In Kansas, not too far from America’s financial and cultural capitol, the great city of Metropolis with its well-known newspaper the Daily Planet, lies that relic of rural fifties America, Smallville, the “Creamed Corn Capital of the World.” It is a fine autumn day in 1989. Well, it looks like spring, but it’s got to be autumn, because today’s the day of the big Homecoming football game, when the Smallville High School Crows will whup the opposition. Three-year-old Lana Lang is with her aunt Nell, watching her parents drive back into town from whatever they were doing just ahead of the Homecoming parade. A young Jonathan and Martha Kent have been in town buying tulips (for their organic produce farm???) and are just leaving. Cutthroat capitalist Lionel Luthor is in town with his nine-year-old son Lex to lay the groundwork for turning Smallville into the Fertilizer (or perhaps Pollution) Capitol of the World.

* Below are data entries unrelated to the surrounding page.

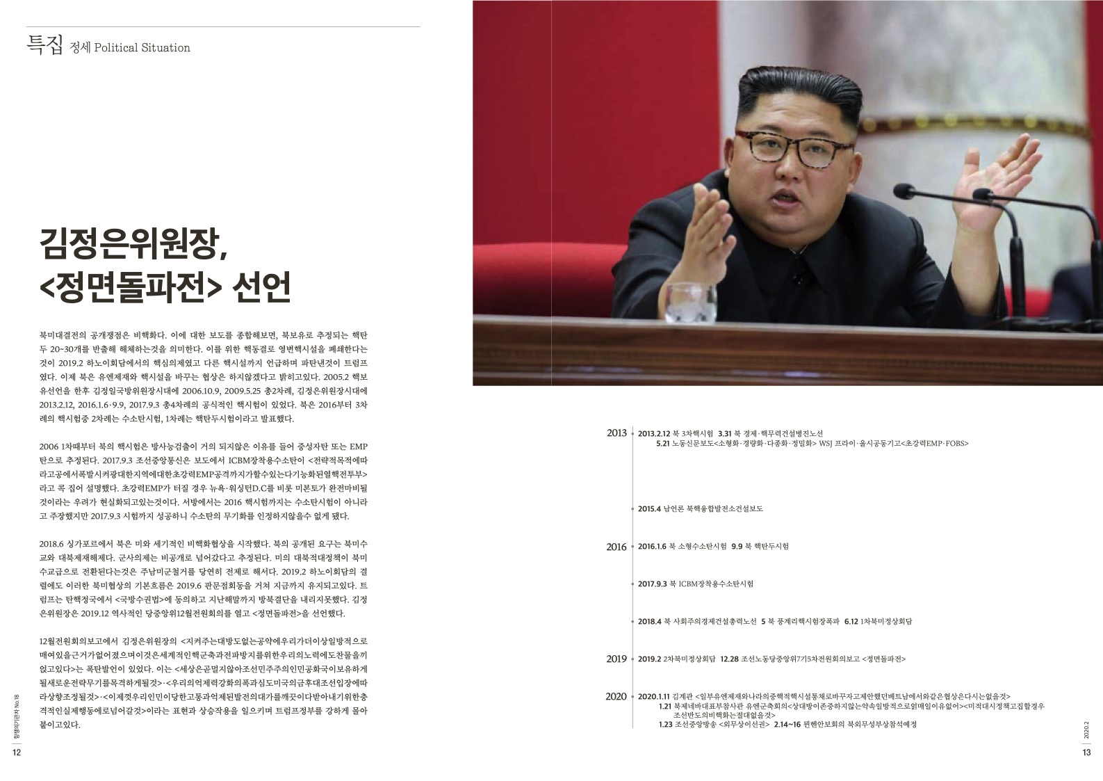 12월전원회의보고에서 김정은위원장의 <지켜주는대방도없는공약에우리가더이상일방적으로 매여있을근거가없어졌으며이것은세계적인핵군축과전파방지를위한우리의노력에도찬물을끼 얹고있다>는 폭탄발언이 있었다. 이는 <세상은곧멀지않아조선민주주의인민공화국이보유하게 될새로운전략무기를목격하게될것>·<우리의억제력강화의폭과심도미국의금후대조선입장에따 라상향조정될것>·<이제껏우리인민이당한고통과억제된발전의대가를깨끗이다받아내기위한충 격적인실제행동에로넘어갈것>이라는 표현과 상승작용을 일으키며 트럼프정부를 강하게 몰아 붙이고있다.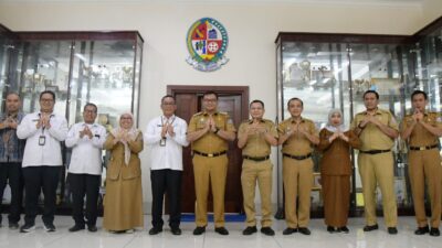 TERIMA: Bupati Deli Serdang, dr H Asri Ludin Tambunan foto bersama dengan Kepala Badan Pusat…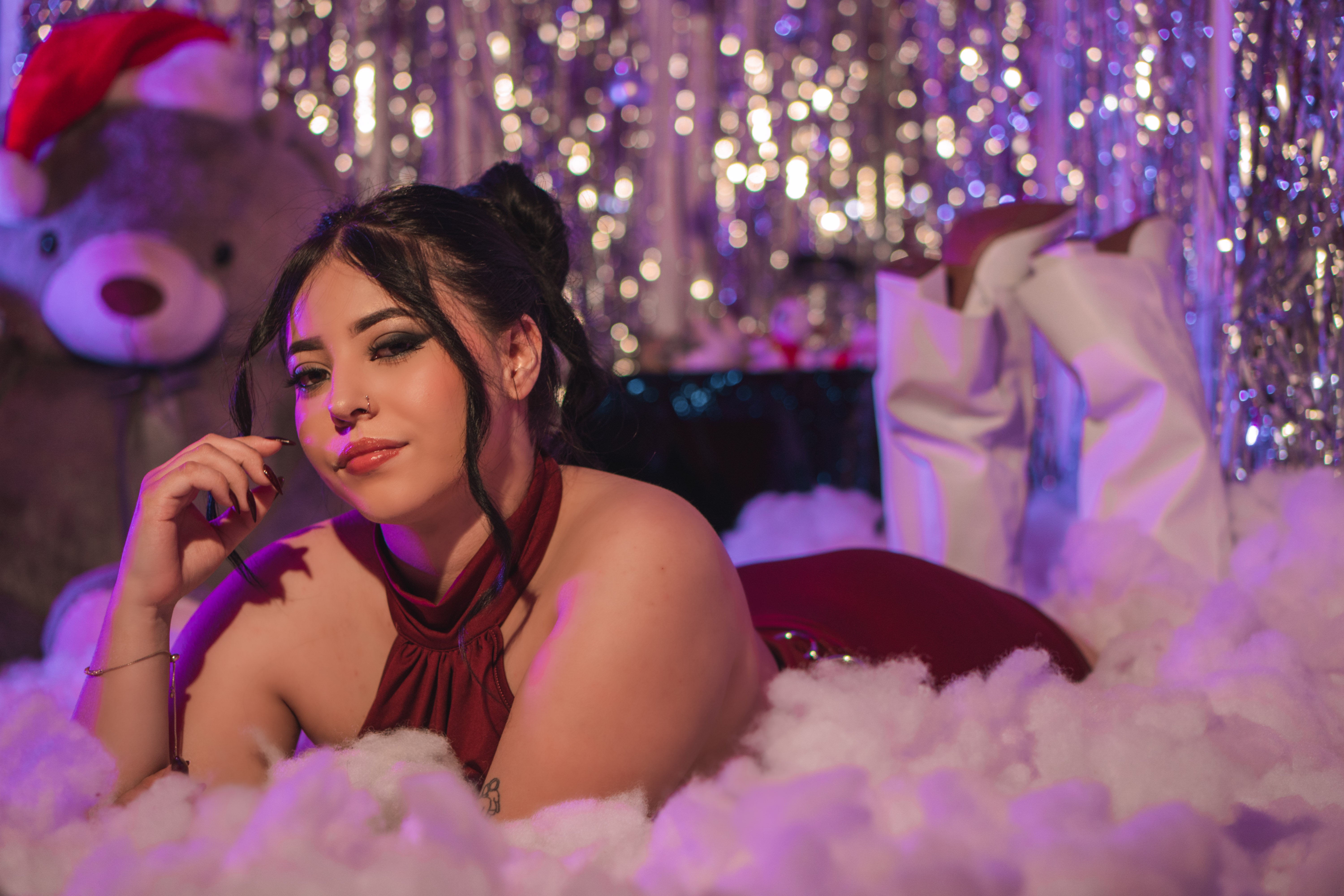 Surrounded by soft lights and shimmering dreams, I sit wrapped in confidence and quiet allure. Smooth curves, slow movements, and a gaze that knows exactly what it wants. This moment is playful, powerful, and irresistibly inviting… are you ready to give in to the temptation? 💋💫

And several thousand miles overhead, a swarm of rocks, fragments of a destroyed planet, are headed straight toward Smallville — along with one more regular and less identifiable object — and are about to turn the town into the Meteor Capital of the World (1) and provide America with its most famous fictional immigrant.

Smallville (WB Network) was touted as being one of the best new shows on TV this season. Indeed, along with Enterprise on UPN it probably is — a fact which unfortunately says considerably more about new shows in general than it does about Smallville, which, although fun, is something of an unholy cross between Popular and Eerie, Indiana, and — so far — not very representative of the canon from which it derives.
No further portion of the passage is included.